SOCIAL GROVE

LOCATION: Joplin, Missouri

COHORT: 2018

FOCUS: Ashton believes that science is only as effective as its ability to spur true social change. She cares deeply about how evidence is created, and she sees equity-driven research practices as key to disrupting the harmful power dynamics that often exist between researchers, community organizations, funders, and policymakers. As a social scientist and qualitative methodologist, Ashton works directly with residents and quality-of-life providers in under-resourced communities to add their expert voices to conversations about their most pressing social and health challenges, and the resources needed to address them. Through her work, Ashton challenges research methods that produce half-truths, leverages the power of stories as science, and invests in community-rooted partnerships to bring social science research beyond laboratories and into the lived experience.

Ashton Chapman, PhD, Social Scientist, Social Grove

Ashton’s passion for translating science to practice can be traced back to her personal experiences growing up in a small, rural community where she learned firsthand the unique health-related inequities and hardships rural families face, as well as the strength and resourcefulness they bring to finding solutions.

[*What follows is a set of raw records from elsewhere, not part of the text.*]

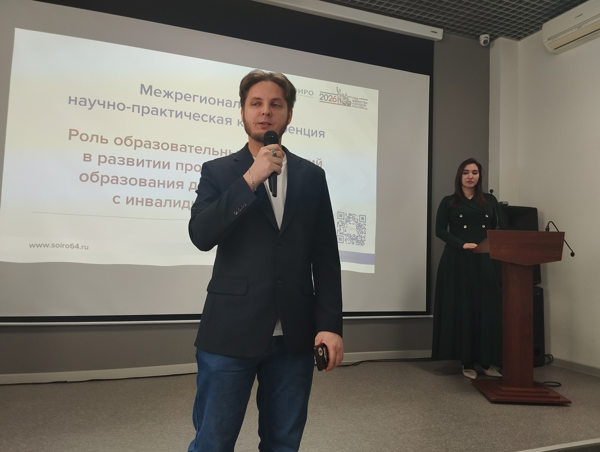 Фисенко Алексей Андреевич, руководитель Центра инклюзивного сопровождения и социальной адаптации студентов, и Чупахина Вероника Николаевна, руководитель Регионального центра добровольчества «Абилимпикс» СГУ, познакомили участников конференции с положительным влиянием инклюзивного добровольчества на адаптацию студентов с инвалидностью.
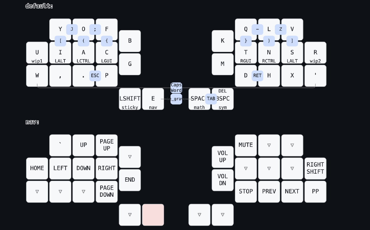 To close it out, here’s was the 30 keys version of my current layout:
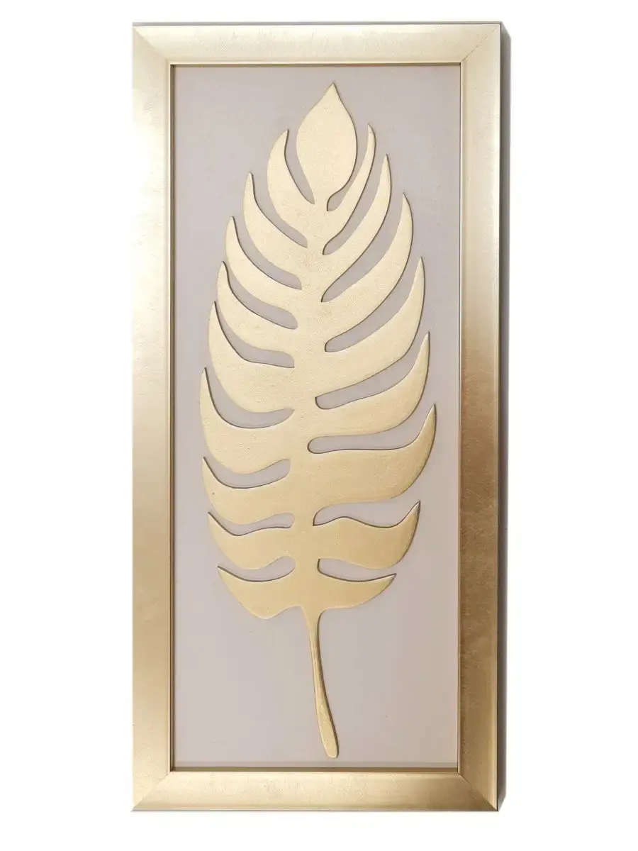 Настенные панно "Пальмовые листья". Декор 3D на стену для комнаты в современном стиле. Деревянный резной декор оформлен в золотую багетную раму, покрашен акриловой эмалью на водной основе, листья покрашены золотой поталью. Декор для интерьера дома и дачи. Декорация на стену спальни, прихожей, украшение для кухни и ванной комнаты. Деревянные панно легкие и изящные, преобразят интерьер комнат. Размер одного панно 19х41 см. С обратной стороны зубчатый крепеж, крепление для стены в комплекте.
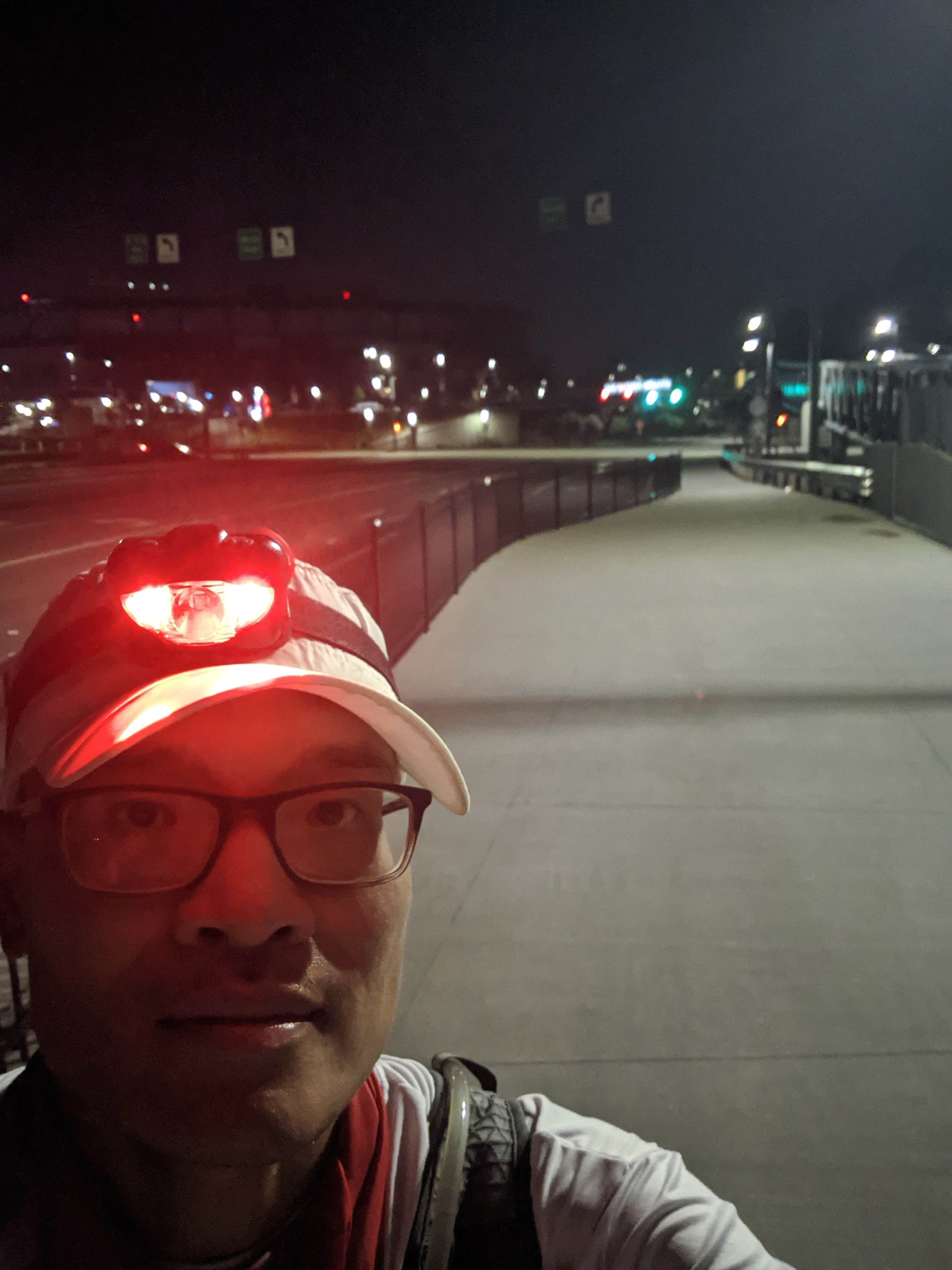 1:00 am. Bye bye stadium. I guess it was 1 am by now. I was still pretty fresh. My blood was flowing. I had some setbacks but again night was still early. I had maybe 5 hours more of darkness and I could do another 20-30 miles before day break. I got to make a lot miles now the night is a bit cooler. I was still sweating bucket but the temperature was around 80 degree. I was wearing long sleeves and felt like 90-100 inside.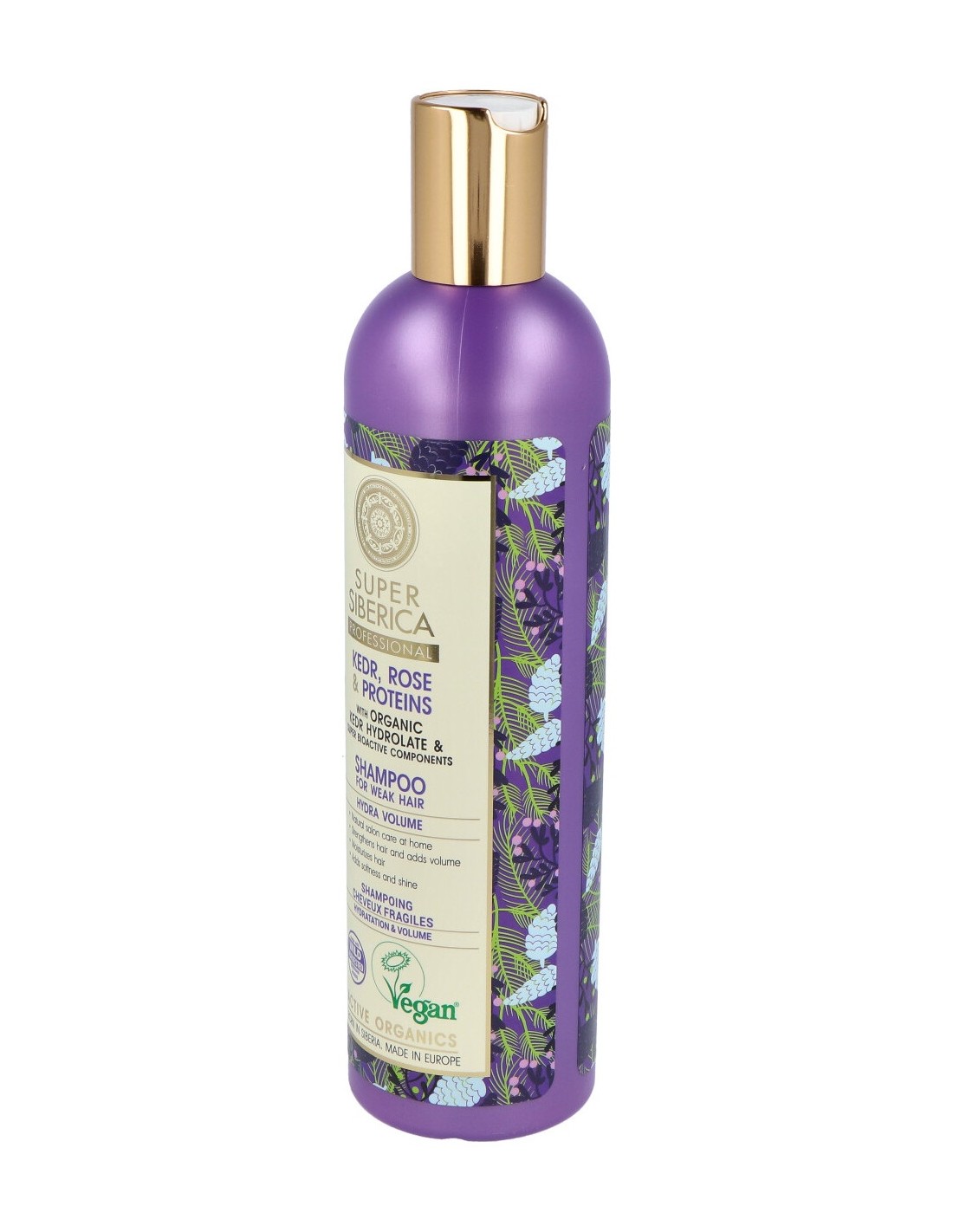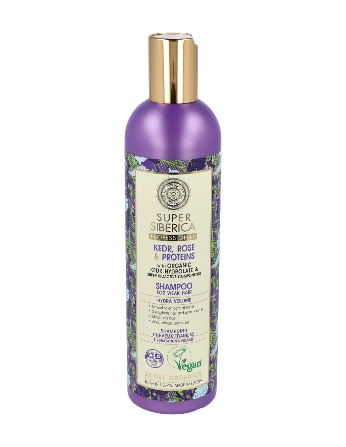 Basado en hidrolato de pino siberiano orgánico, limpia delicadamente e hidrata el cabello débil y le proporciona fuerza, energía, volumen desde las raíces y un brillo deslumbrante. Apto para veganos.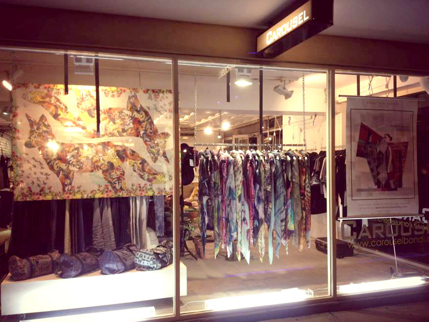 "Blind Fox" foulard showed on "Carousel" shop showcase, Australia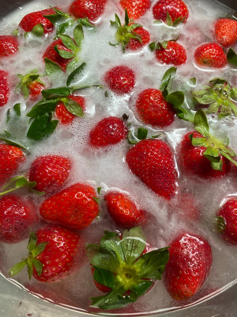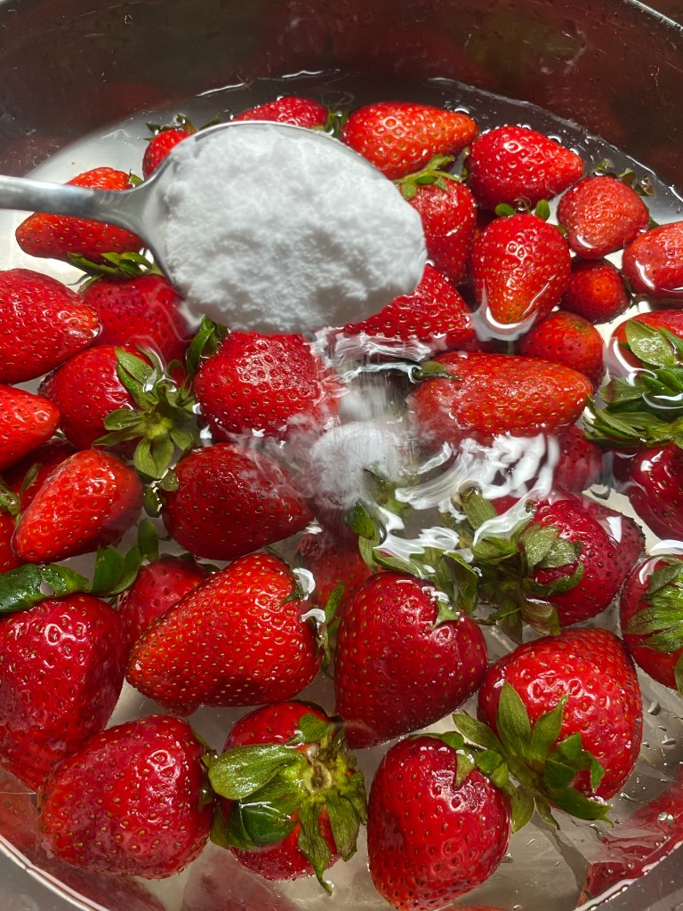 Είναι όμως πολύ βασικό να τις πλύνεις πρώτα παρά πολύ καλά, καθώς οι φράουλες είναι #1 στη λίστα της EWGs ως φρούτο στο οποίο χρησιμοποιούνται τα περισσότερα φυτοφάρμακα😮 και από μόνο του το νερό δεν αρκεί για να απομακρύνει όλες αυτές τις βλαβερές ουσίες. Προσωπικά επιλέγω πάντα βιολογικές που και πάλι όμως τις πλένω πολύ καλά ακολουθώντας τα παρακάτω βήματα: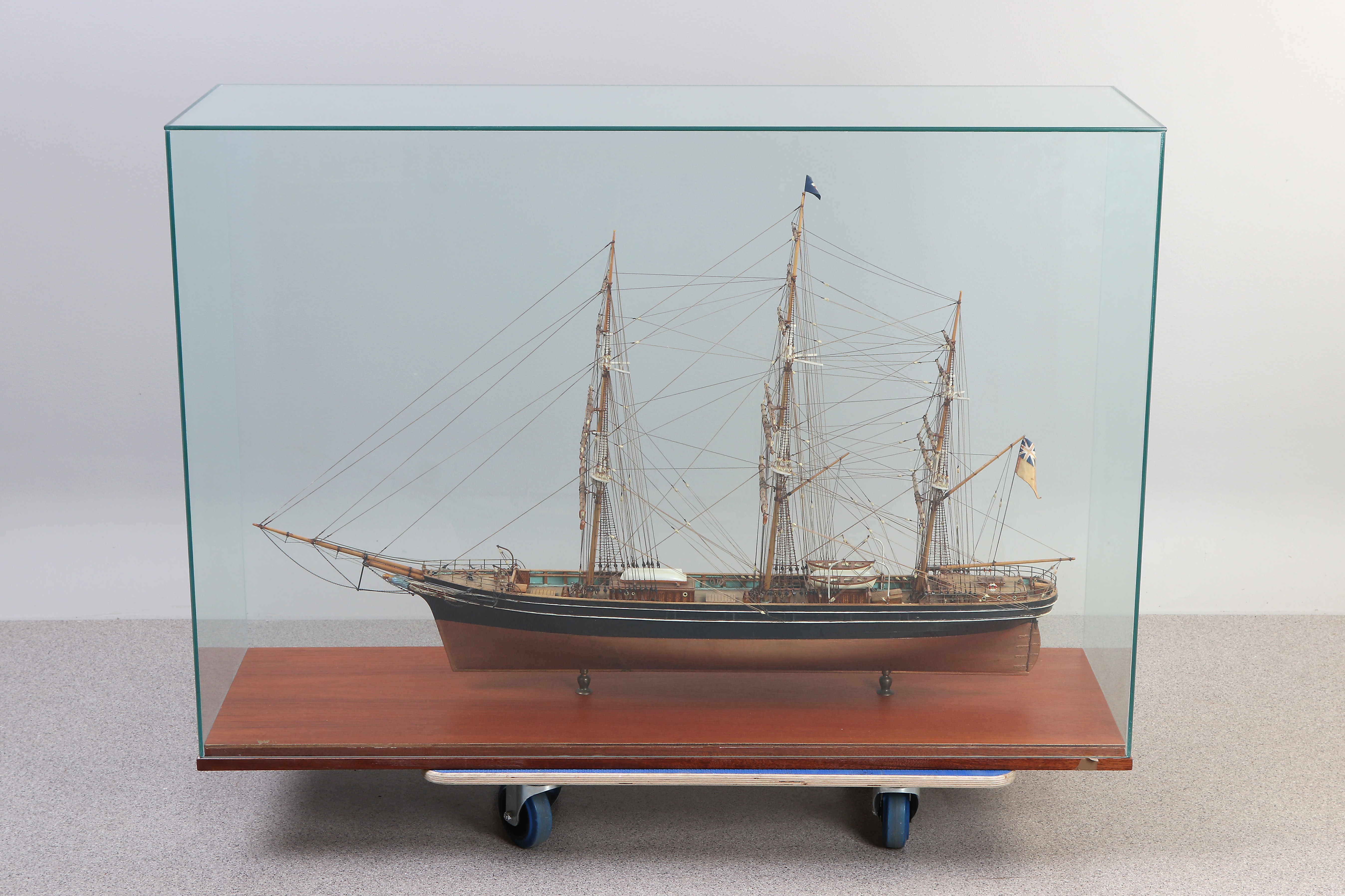3214827. SEJLBÅDSMODEL I VITRINESKAB. „Cutty Sark“.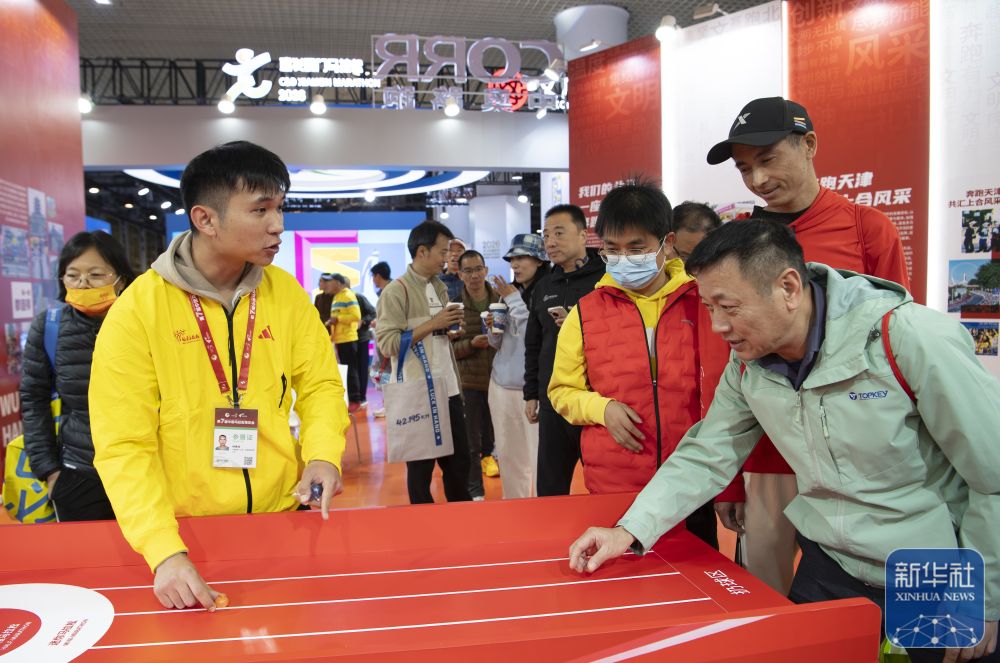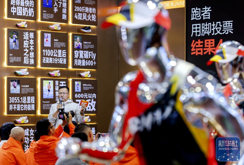 ↑ 一家体育用品厂商在博览会上推介自己的马拉松赛事体育用品。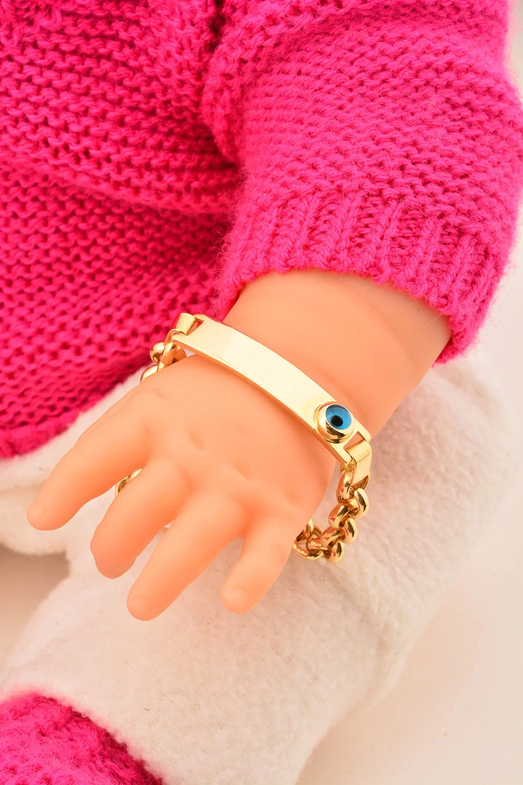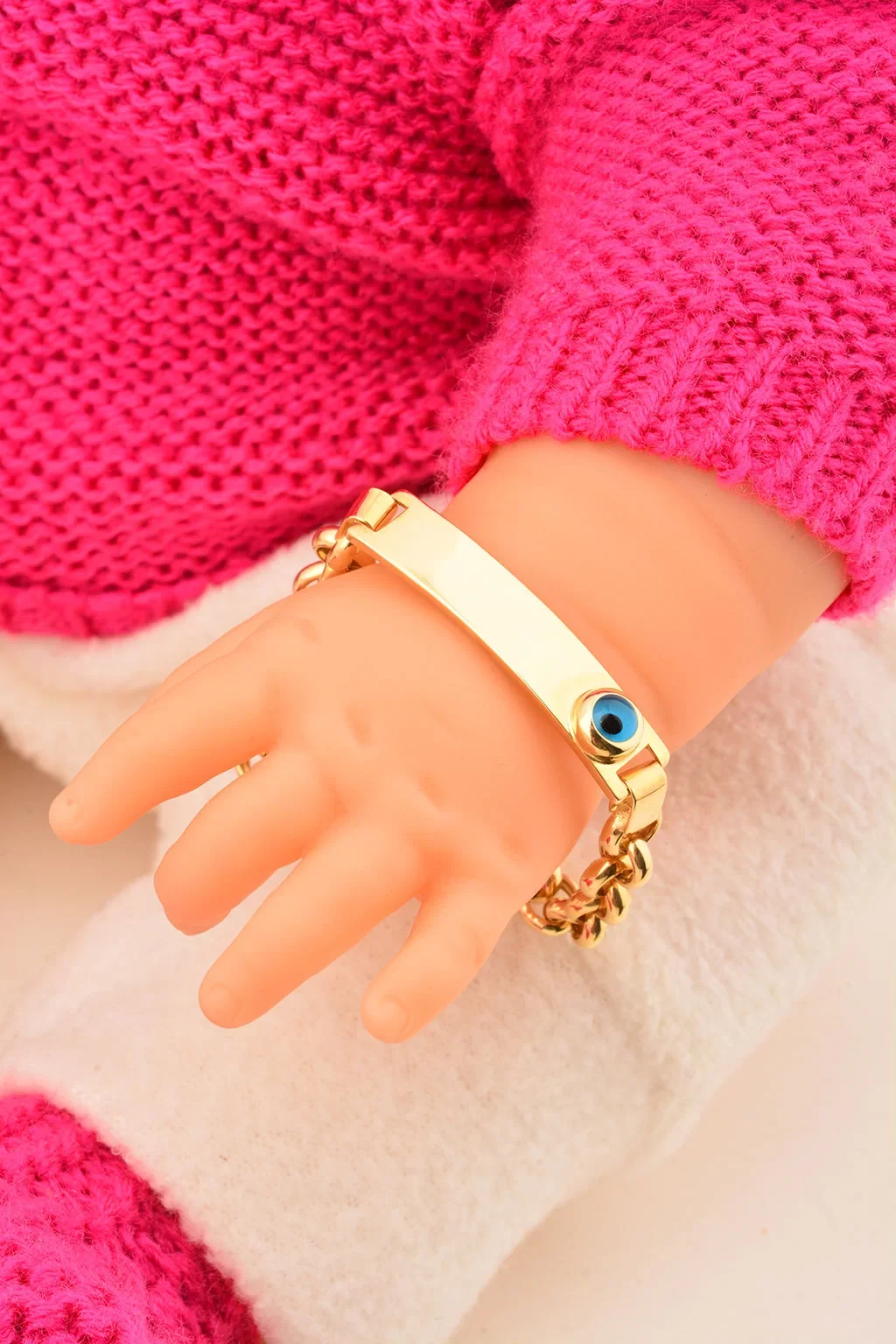 Cebeci 14 Ayar Göz Boncuklu Çocuk Altın Künye Bileklik

Noticing that their voices were often missing from programs and policies created for them (rather than with them), Ashton now uses her research training to draw attention to the power and importance of community voice and self-determination in research and evaluation processes. Trained in Human Environmental Sciences, with specific expertise in qualitative methodology, family systems, rural health, and gerontology, Ashton’s work acknowledges and honors the intersecting intrapersonal, interpersonal, and systemic forces that shape opportunities for folks to live their happiest, healthiest lives.